Underneath is my barrel, how can i remove the factory blueing, then polish to a chrome to mirror finish? I think the barrel is stainless steel. I am a beginner, and am looking for help. Thanks in advanced.


----------



## pic

atraain said:


> Underneath is my barrel, how can i remove the factory blueing, then polish to a chrome to mirror finish? I think the barrel is stainless steel. I am a beginner, and am looking for help.
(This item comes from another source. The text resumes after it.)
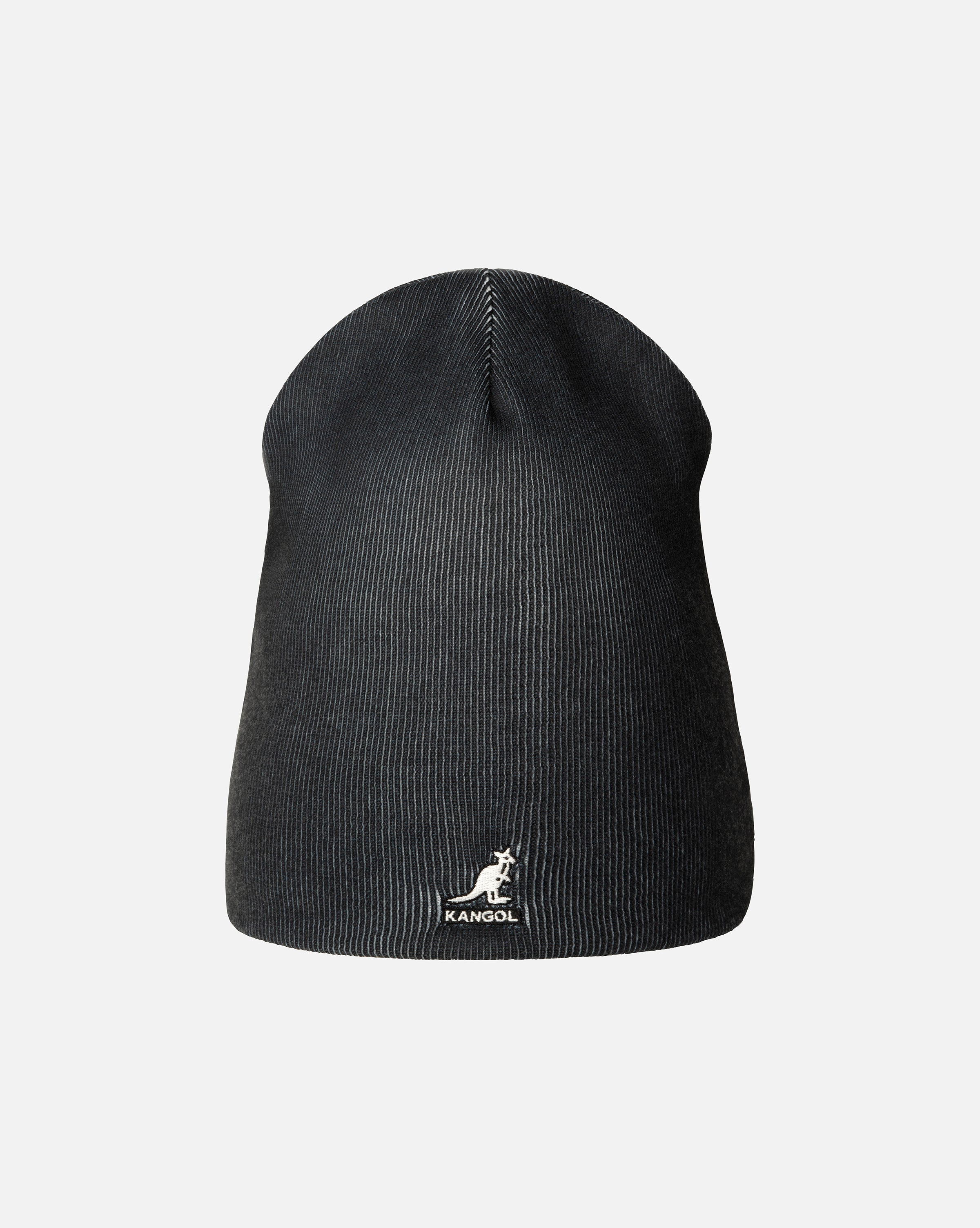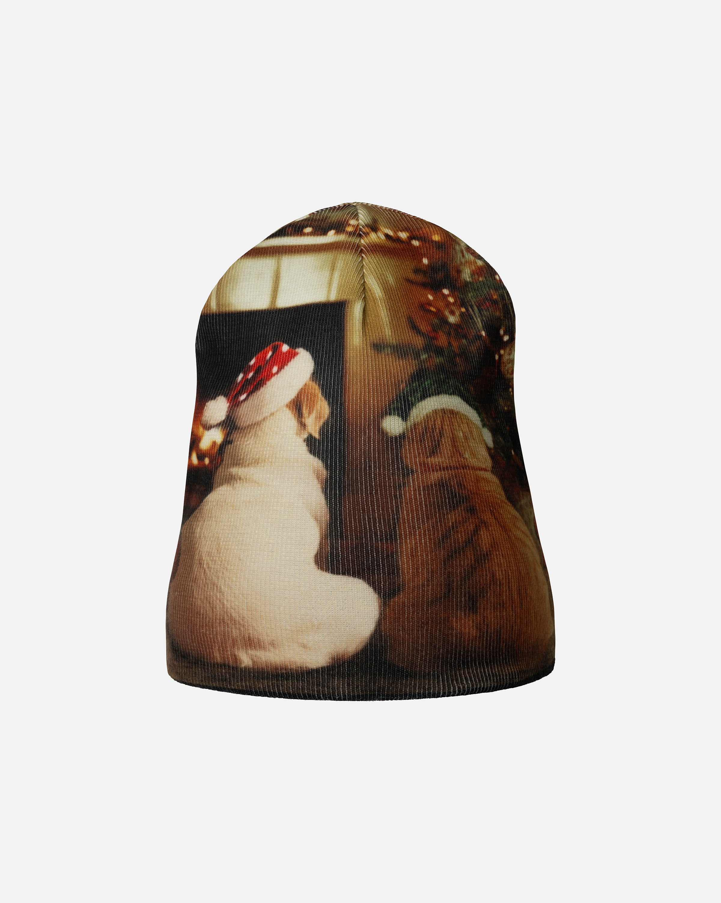 The Holiday Reversible Buddy Beanie is a soft rib knit slouchy pull on that is two looks in one. One side is solid black with our Kangol™ Kangaroo logo embroidery at the center front, while the other side features an AI-generated holiday scene with our 2 animal friends, Kan and Gol.

Thanks in advanced.


How To Remove Bluing From Steel click here


----------



## rex

Really didn't need to start a new thread.Watch the vinegar gig,it likes to eat on barrels.It'll clean a bore well just as ammonia but if it sits very long it starts eating-if you get a leak in the bore and it's in there a while your barrel will magically start fouling more.Get a little bottle of blueing remover from Birchwood Casey or the like,do it by hand,then start sanding.2000 grit is fine on paint,polishing paper on steel.If you use anything below 1200 you're going to remove metal fast so remember not to play with lockup areas and ruin it.


----------



## atraain

rex said:


> Get a little bottle of blueing remover from Birchwood Casey or the like,do it by hand,then start sanding.2000 grit is fine on paint,polishing paper on steel.If you use anything below 1200 you're going to remove metal fast so remember not to play with lockup areas and ruin it.


 so if i use bluing remover on my barrel this is not bad unlike the vinegar?


----------



## rex

It's safer.If you get a leak into the bore with vinegar early on it will start etching the bore,hence fouling will increase.Carbon steel is worse but it will attack stainless also,that could be backwards because it's been quite a while since I've been on this topic.The blueing remover is controllable,just wipe it where you want it,let it do it's thing per the instructions,remove and nuetralize it.Once you're done stripping it start polishing.Relying on memory ammonia and vinegar only have about 15 minutes tops to stay on the surface before damage starts,tops.Vinegar is one trick knife makers use to patina demascus blades to make them resemble the old original damascus (or Wootz) steels used centuries ago.Some of the cheaper damascus gets really eaten up and the layers are quite pronounced in sight and even feel.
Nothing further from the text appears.